Akeem Sirleaf

Personal information
- Born: 10 March 1997 (age 29)

Sport
- Sport: Athletics
- Event: Sprint

= Akeem Sirleaf =

Liberian athlete (born 1997)

Akeem Sirleaf (born 10 March 1997) is a Liberian sprinter. He is the Liberian national record holder in the 200 metres short track, and the 400 metres.

==Biography==
Sirleaf lived in Philadelphia and North St. Paul, Minnesota, where he started in track and field alongside playing football at running back. A Minnesota Class 2A champion in the 200 metres and a school record holder in the 400 metres, he chose to focus on athletics after finishing high school.

Having attended Butler Community College in El Dorado, Kansas, Sirleaf competed for North Carolina A&T State University in the United States, and in 2019 met the automatic qualifying standards for the 2020 Olympic Games, prior to the delay of the Games to the following year due to Covid-19 pandemic. He set a new Liberian 200 metres national record at the 2019 MEAC Outdoor Track and Field Championships with a time of 20.37 seconds. At the same meet, he broke the Liberian 400 metres national record by running 45.42 seconds, helping his college win the MEAC title in 2019 and competed at the 2019 NCAA Division I Outdoor Track and Field Championships. He was a winner at the 2021 NCAA Outdoor Championships in the men's 4 x 400 metres relay alongside Trevor Stewart, Daniel Stokes and Randolph Ross.

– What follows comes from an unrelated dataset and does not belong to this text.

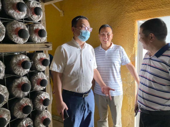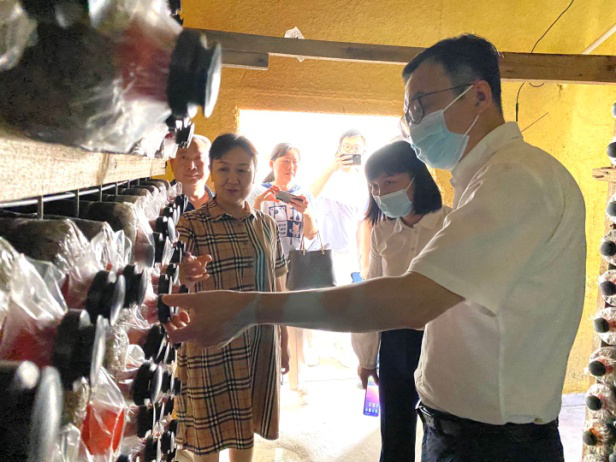 张若光一行实地调研了蓝色果香生态农业公司蓝莓基地和天添食用菌科技有限公司,听取了相关负责人介绍基地运行情况以及科普工作开展情况,深入生产一线了解食用菌产业的生产、效益情况,分析讨论制约产业发展的瓶颈,探寻基层科协组织助力产业持续稳定发展的新途径。

Competing at the 2022 African Championships in Athletics in Mauritius, he was a finalist in the 200 metres, running a time of 21.21 to place sixth overall. He has previously competed at the championships in 2018 without progressing beyond the first round.

Sirleaf ran as part of the Liberian 4x100m relay team which qualified for the 2024 Paris Olympics at the 2024 World Relays Championships in Nassau, Bahamas. Later that year, he also compete for Liberia at the 2024 African Championships in Athletics in Douala, Cameroon.